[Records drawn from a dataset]
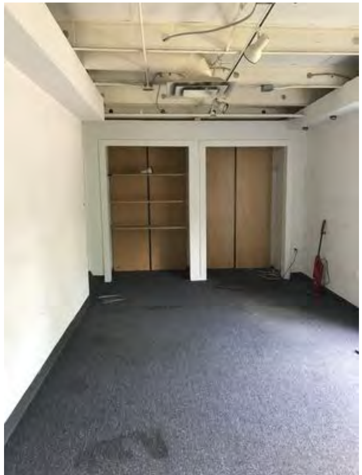
Suite 180 Interior 3
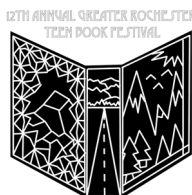
MAY 20, 2017

The winning design will be featured on this year's festival program!
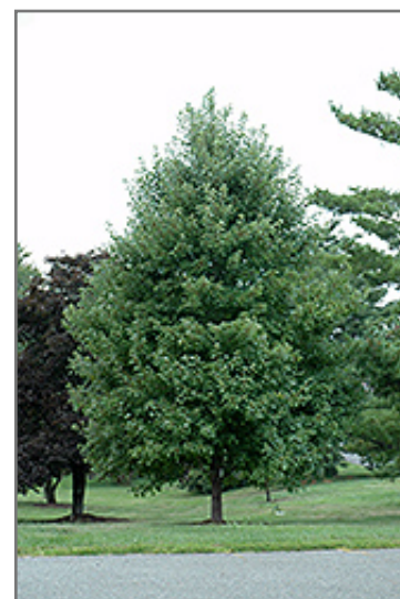
October Glory Red Maple
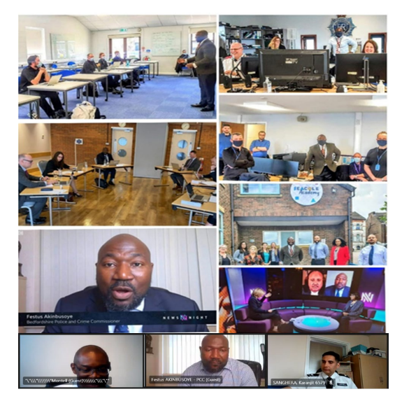
Stop and Search Scrutiny Panel

I had great conversations with the Chief Executive Officers at Luton Borough Council and Central Bedfordshire Council to report back on what we're doing to keep residents safe as well as the Mayor of Bedford. My pledge to crush vehicles used for fly-tipping will be happening over the summer months, and my pledge to address the drug and alcohol related causes of crime in our county is also underway with a new trial to support people with drug and alcohol support as part of a conditional caution.
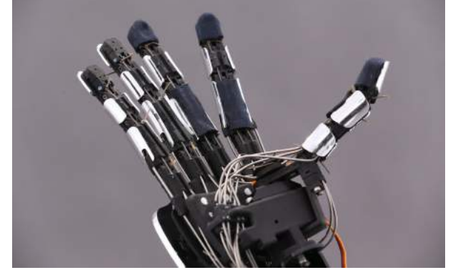
MELTANT Series [MELT-HAND]
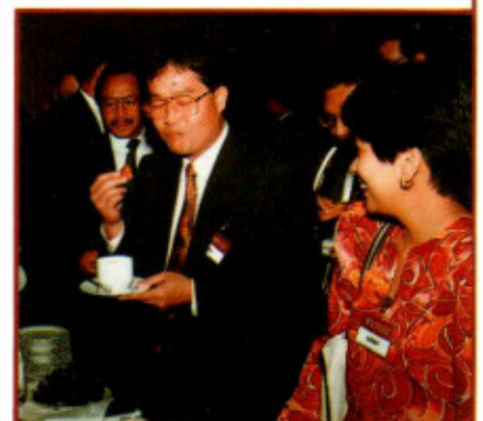
Taking a break during the SMDP.
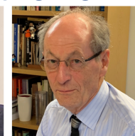
Sir Michael Marmot
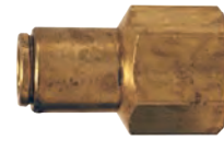
tube to female NPTF
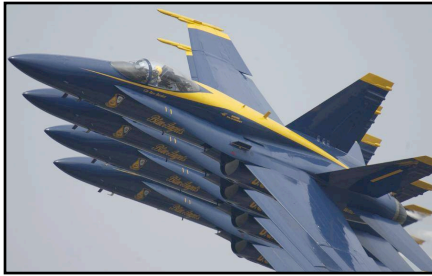
The Blue Angels
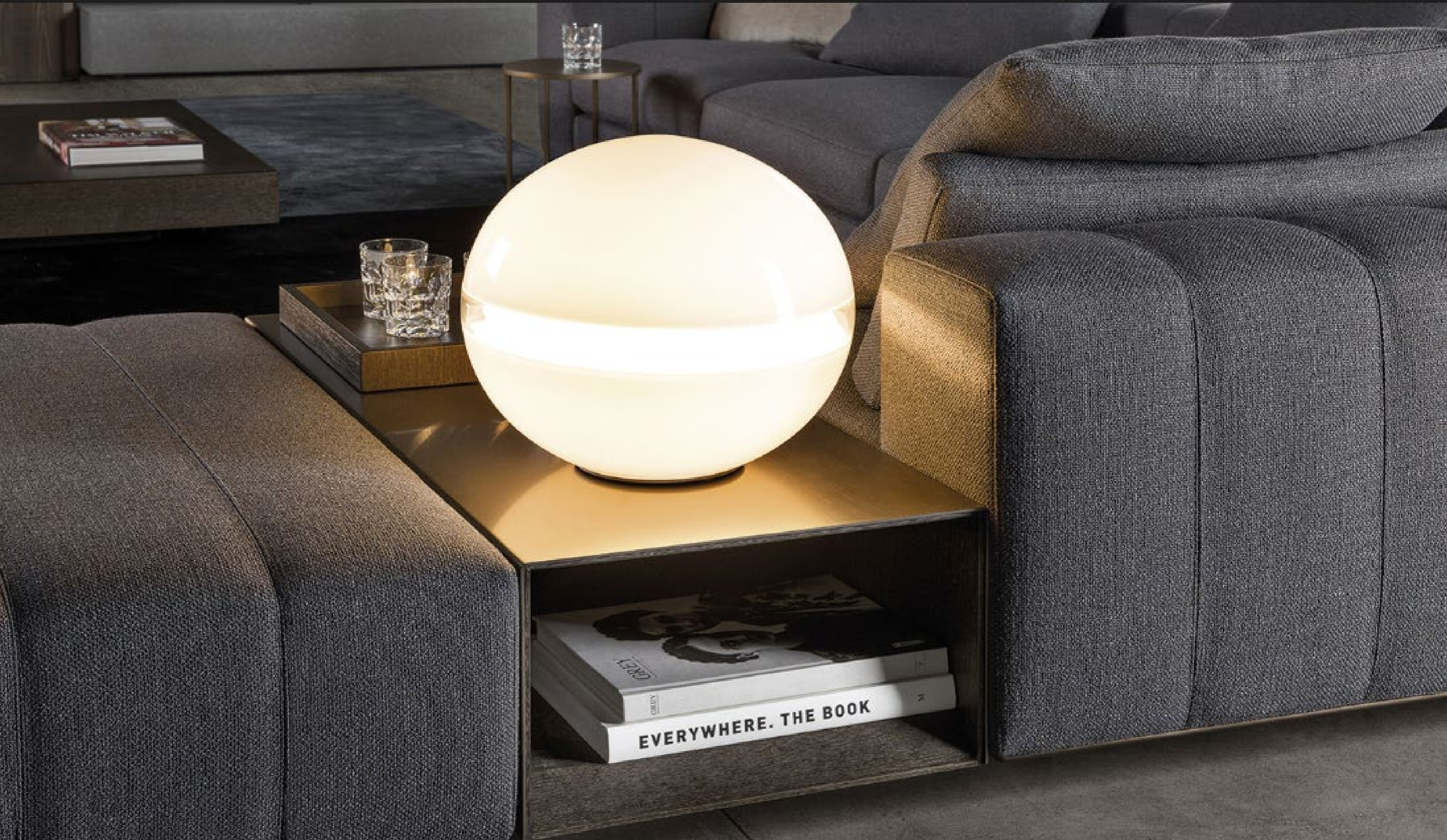
Gray elements, small rectangular coffee table, size (cm): 80x47 H34 Gray elements, medium rectangular coffee table, size (cm): 100x47 H34 Gray elements, large rectangular coffee table, size (cm): 110x47 H34
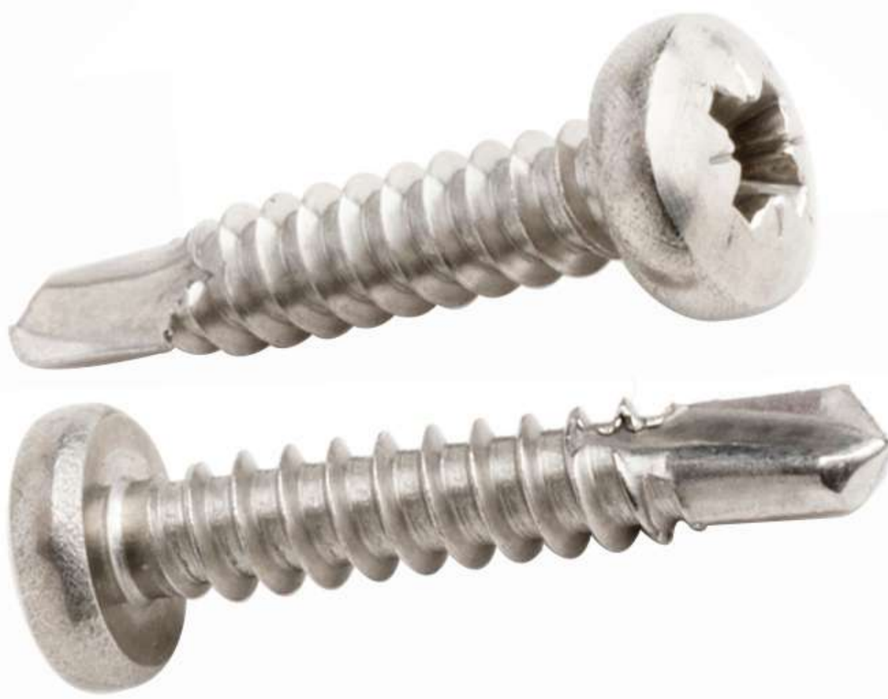
Pan Head Screws
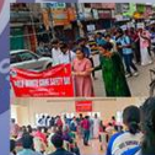
White Cane Day celebration & Blind Federation Annual meet on October 15, 2023
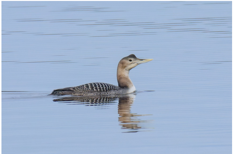
Yellow-billed Loon in Surrey.

In this past season, 170 observers (with 375 assistants) did 1300 surveys at 234 sites across BC! One hundred and eight target species (waterbirds, raptors, and corvids) were detected. Some highlights from the season include; a Yellow-billed Loon near Roberts Creek in November 2019, a Long-billed Curlew at Blackie Spit in October 2019, and a Parasitic Jaeger off Neville Point in September 2019.
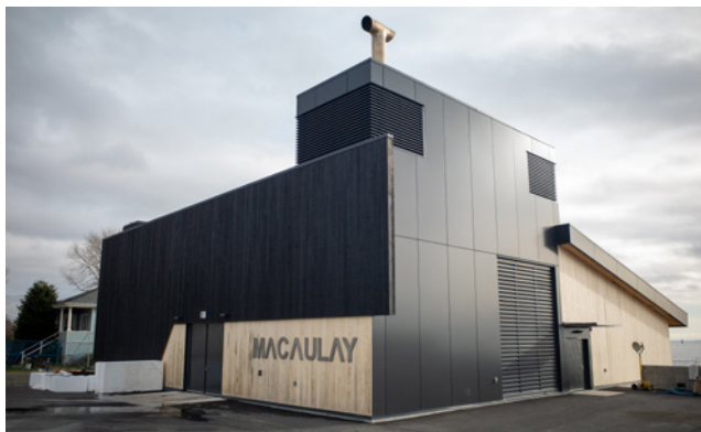
Macaulay Point Pump Station

Construction on the new Macaulay Point Pump Station is complete. Landscaping and restoration will create an attractive and welcoming waterfront space to be enjoyed. The new Macaulay Point Pump Station conveys wastewater from Esquimalt, View Royal, Langford, Colwood, Saanich, Victoria and the Esquimalt and Songhees Nations to the McLoughlin Point Wastewater Treatment Plant for treatment.
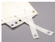
6-ea 94291 Clik-Clik™ Adhesive Strips
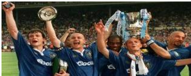
1997 FA Cup winners – Chelsea FC
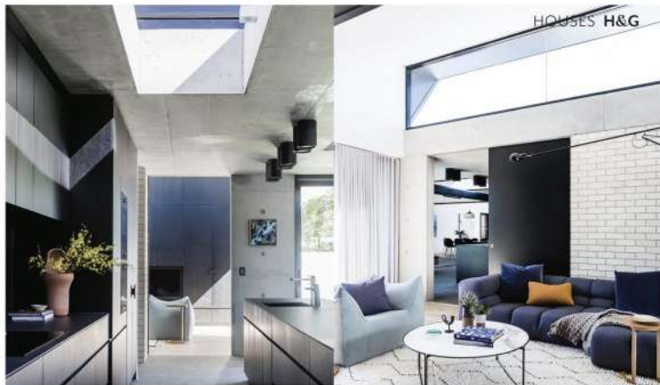
FAMILY ROOM above right A sliding door between this room and the kitchen enables the children's wing to be closed off. Vintage "Le Bambole" chair, Istids. Sofa, Space. Coffee table, Cule. Wall light, Euraluce. Rug, Armadillo & Co. Linen curtains, Warwick Fabrics. MAIN ENSUITE The aged-brass finish on the Astra Walker tapware references the original cottage. Zuster 'Zi' mirrors, Reeco. Porcelain benchtop in Calacatta Paragon, Arredomas. Bluestone wall-tiles, Eco Outdoor. Stool, Living Edge. Smart buy: Buster+Punch "Heavy Metal" solid steel pendant lights, $265 each, Living Edge.
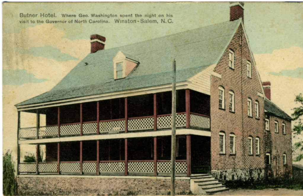
Postcard of the Salem Tavern (then called the Butner Hotel), circa 1908. -Salem, N.C. Image from the North Carolina Collection Photographic Archives, UNC-Chapel Hill.

See also: Salem Tavern [2] ; Travelers' Rooms [3] .
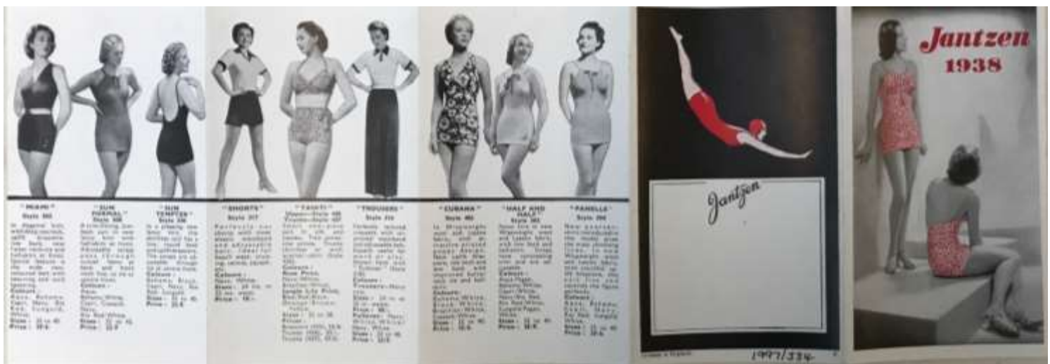
Figure 12. Jantzen Swimwear catalogue 1938, 1997/334, Worthing Museum.

The 1938 catalogue was the first to include photographic images of models wearing the swimsuit styles [Figure 12]. The front cover is a posed black and white photograph of models wearing swimsuits that have been coloured in red, thus referring to the “Red Diving Girl” logo. The showcasing of the yearly swimsuit styles were also photographic images. This change was not unusual for advertising in the 1930s. Design historian Marie-Louise Bowallius explains that ‘photography became more attractive to advertising agencies and increasingly out-rivalled colour and modern art as a means of arresting attention.’ This was because the photographs were cheaper than illustrations or paintings and it was found that they were more effective as an advertising medium. 12
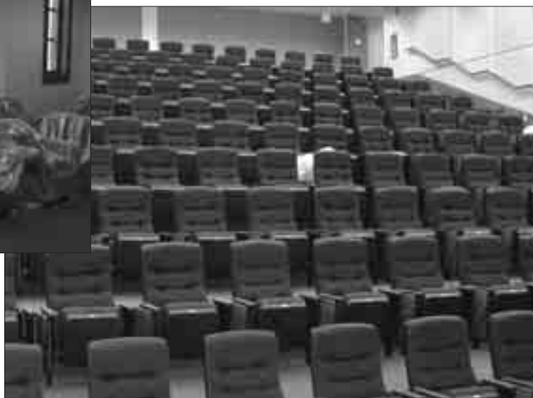
The auditorium seats 150 people in large chairback seats.

The University of Notre Dame is enjoying its first full season with access to the sparkling Guglielmino Athletics Complex, adjacent to the Loftus Sports Center on the east side of campus. Affectionately referred to as "The Gug" (pronounced Goog), the new building houses the football practice week locker rooms, coaches offices and meeting rooms in addition to enhanced sports medicine, strength and conditioning and weight room equipment areas for all 800 Notre Dame student-athletes.
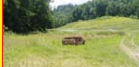
Copperhead Lane, Grayson

194 acres, 5 miles from Grayson off Everman Creek Rd. $225,000
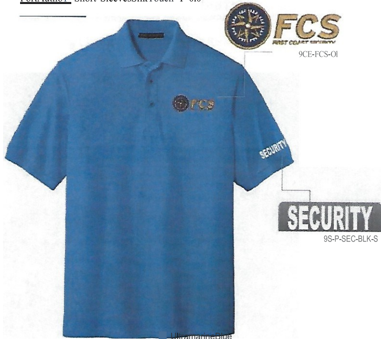
Ultra Marine Blue
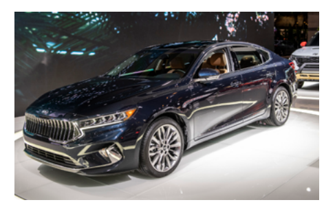
2020 Kia Cadenza
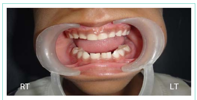
Figure A: Intra oral photograph of the patient showing fused 71, 72 and 81, 82.

An Intra Oral Periapical Radiograph (IOPA) was advised. Radiographic evaluation of the IOPA revealed fused 71-72; and 81-82 with two crowns and two roots fused together and two separate root canals, one in each of the fused teeth indicating that the fusion was of incomplete type. Absence of a single incisor was also observed on the radiograph (Figure B). To confirm the findings and to detect any other abnormality an Orthopantomograph (OPG) was advised. The
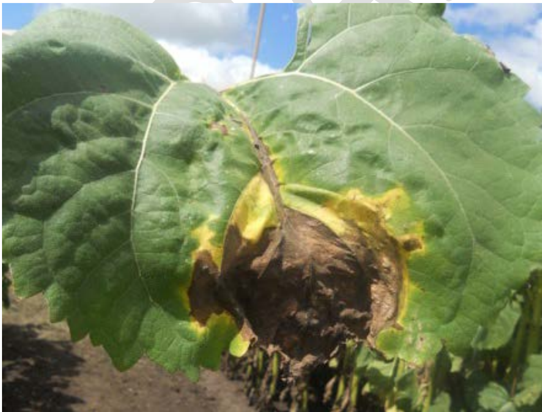
Figure 1. Leaf infection, Argentina.

Masirevic and Gulya (1992) described the symptom progression of D. helianthi . Small necrotic spots surrounded by a chlorotic border develop on the leaf margins and spread down the main veins of a leaf (Fig 1). The infected leaves wilt and die. The fungus spreads from the petiole to the stem, where small, brown, sunken spots develop to large round or ellipsoid lesions that can encircle the stem (Figs 2-4). Destruction of stem pith tissue underneath the lesion leads to wilting and death of the plant (Fig 5) (Masirevic and Gulya, 1992).
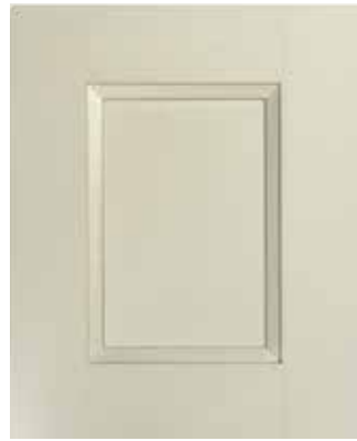
Princeton 3 Specie: Maple & MDF Color: P-217-1-Vanilla Sheen: 20 Glaze: Pewter - Light Brush - No Hang Up
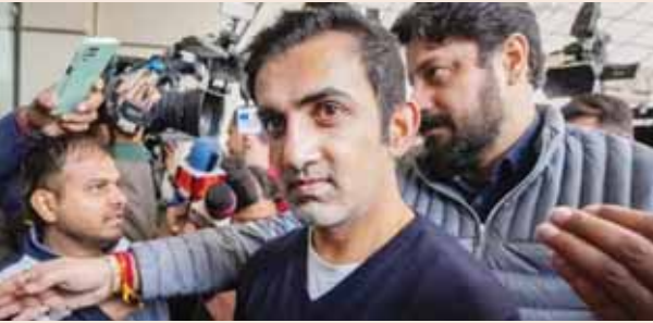
STAFF REPORTER ■ NEW DELHI

In a major embarrassment to Delhi BJP, East Delhi MP Gautam Gambhir could not turn up in time to cast his vote for the election of Deputy Mayor in the Municipal Corporation of Delhi (MCD) House on Wednesday.
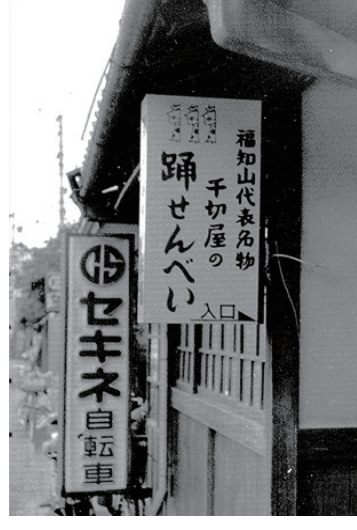
A photo taken at the time of the company's establishment.

Ingredients are carefully selected from the finest ingredients, such as eggs with less chemical fertilizers and the highest quality flour with less gluten. Because of their high quality, "odori senbei" have won the Prime Minister's Honorary President Award and awards at national confectionery competitions, and have been featured extensively on TV and in magazines.

▶ Directions for this task: Your whole answer should be one number, the count of lines in the records that hold "Salem".

▶ Task result: 2